Наводнение случилось из-за того, что прорвало плотину водохранилища вверх по реке, в пяти милях от настоятельского дома. Много позже дознались, что под плотиной находился рудничный ход, прорытый еще во времена нашествия римлян. О нем никто и не подозревал, но стоило обвалиться своду, как стала рушиться вся дамба. Потому-то так чудовищно и вздулась в тот роковой день река. А потом дамбу и вовсе прорвало.

Настоятель с дочерьми остался в доме Фрамли, покуда искали новое жилье. Иветта долго пролежала в постели, даже не пошла на бабушкины похороны.

Рассказывая о спасении, она лишь упомянула, что цыган втащил ее на крыльцо, а дальше она сама выбралась на лестницу и едва доползла до своей комнаты. О цыгане было известно только, что он жив. Об этом сказала старуха, когда пришла на постоялый двор за повозкой и лошадью.

Иветта мало что могла рассказать. Она была молчалива, подавленна, происшедшее с ней помнила плохо. На нее это похоже.

Вспомнил о цыгане Боб Фрамли:

— По-моему, он заслуживает медали!

И вся семья вдруг оторопело примолкла.

— Конечно же, нам нужно его отблагодарить! — воскликнула Люсиль.

Настоятель вместе с Бобом сели в машину и поехали к карьеру. Но табора там не оказалось. Цыгане снялись с места и ушли неизвестно куда.

Лежа в постели, Иветта повторяла с тоскою в сердце:

— Я люблю его! Люблю его! Люблю!

Не хотелось жить — так велико было ее горе. И в то же время разумом она смирилась с тем, что его нет, поняла, до чего мудро он поступил.

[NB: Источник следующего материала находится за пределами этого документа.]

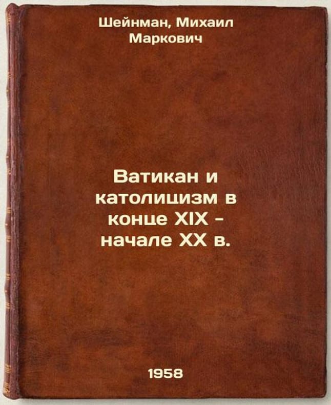 Short description: In Russian. Sheinman, Mikhail Markovich. Vatican and Catholicism in the late nineteenth and early twentieth centuries. Moscow: Publishing House of Acad. sciences of the USSR, 1958. Vatikan i katolitsizm v kontse XIX - nachale XX v. In Russian /Vatican and Catholicism in the late nineteenth and early twentieth centuries . The image is provided for reference only. It may reflect condition of one of the available copies or only help in identifying the edition. Please feel free to contact us for a detailed description of the copies available. SKU6257358

После бабушкиных похорон Иветта получила записку из безвестного местечка:


«Дорогая мисс!

Я прочел в газете, что после того купания Вы живы-здоровы, как, впрочем, и я. Хотелось бы повидать Вас когда-нибудь. Может, на ярмарке скота в Тайдсуэлле. Или, может, когда случится быть в Ваших краях. В тот день я шел к Вам попрощаться. Так и не удалось, помешала река. Живу надеждой.

Ваш покорный слуга

Джо Босуэлл».


Только сейчас Иветте пришло в голову: а ведь у цыгана есть имя.

Загрузка...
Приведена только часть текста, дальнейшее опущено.